| DESCRIPTION OF THE TASK |
One range is to be output from the listing below, exactly as written: the line with "卧室内延用白色主调营造出简洁" to the line with "độ tuần tra |", both kept.

| INFORMATION SUPPLIED |
╭──
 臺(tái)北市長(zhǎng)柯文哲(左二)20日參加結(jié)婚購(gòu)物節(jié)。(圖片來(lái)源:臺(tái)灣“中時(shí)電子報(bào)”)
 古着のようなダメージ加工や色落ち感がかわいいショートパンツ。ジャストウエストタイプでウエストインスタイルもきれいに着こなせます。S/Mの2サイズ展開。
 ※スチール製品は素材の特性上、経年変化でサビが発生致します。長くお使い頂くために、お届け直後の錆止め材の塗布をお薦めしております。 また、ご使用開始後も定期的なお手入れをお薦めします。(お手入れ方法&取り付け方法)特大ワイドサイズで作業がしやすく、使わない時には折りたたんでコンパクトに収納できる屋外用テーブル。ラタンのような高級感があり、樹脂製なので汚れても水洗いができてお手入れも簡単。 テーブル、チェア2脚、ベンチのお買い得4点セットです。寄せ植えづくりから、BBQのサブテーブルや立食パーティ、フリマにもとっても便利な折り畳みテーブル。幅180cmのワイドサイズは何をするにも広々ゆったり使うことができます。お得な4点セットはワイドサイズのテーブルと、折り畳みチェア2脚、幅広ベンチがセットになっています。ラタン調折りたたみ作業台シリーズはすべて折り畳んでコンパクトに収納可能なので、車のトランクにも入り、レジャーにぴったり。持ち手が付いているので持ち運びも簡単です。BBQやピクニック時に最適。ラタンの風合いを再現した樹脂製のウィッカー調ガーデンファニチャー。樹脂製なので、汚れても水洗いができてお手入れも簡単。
╰──
╭──
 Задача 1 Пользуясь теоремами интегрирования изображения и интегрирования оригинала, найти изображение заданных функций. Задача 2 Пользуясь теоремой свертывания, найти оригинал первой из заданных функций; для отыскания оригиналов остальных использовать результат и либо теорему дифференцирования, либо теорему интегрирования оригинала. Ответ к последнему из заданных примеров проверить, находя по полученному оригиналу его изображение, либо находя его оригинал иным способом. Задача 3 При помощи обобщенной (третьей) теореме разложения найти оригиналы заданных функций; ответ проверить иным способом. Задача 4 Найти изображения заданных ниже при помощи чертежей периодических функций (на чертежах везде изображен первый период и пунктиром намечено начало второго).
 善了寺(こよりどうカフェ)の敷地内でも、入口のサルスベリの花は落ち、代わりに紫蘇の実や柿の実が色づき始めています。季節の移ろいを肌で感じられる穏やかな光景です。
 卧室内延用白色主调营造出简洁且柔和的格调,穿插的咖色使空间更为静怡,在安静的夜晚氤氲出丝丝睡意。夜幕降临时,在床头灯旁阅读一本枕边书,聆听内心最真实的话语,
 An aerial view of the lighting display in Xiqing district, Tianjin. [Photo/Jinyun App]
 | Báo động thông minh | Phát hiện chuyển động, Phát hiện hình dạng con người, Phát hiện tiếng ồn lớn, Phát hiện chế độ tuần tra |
╰──
| RESPONSE BOX |
 卧室内延用白色主调营造出简洁且柔和的格调,穿插的咖色使空间更为静怡,在安静的夜晚氤氲出丝丝睡意。夜幕降临时,在床头灯旁阅读一本枕边书,聆听内心最真实的话语,
 An aerial view of the lighting display in Xiqing district, Tianjin. [Photo/Jinyun App]
 | Báo động thông minh | Phát hiện chuyển động, Phát hiện hình dạng con người, Phát hiện tiếng ồn lớn, Phát hiện chế độ tuần tra |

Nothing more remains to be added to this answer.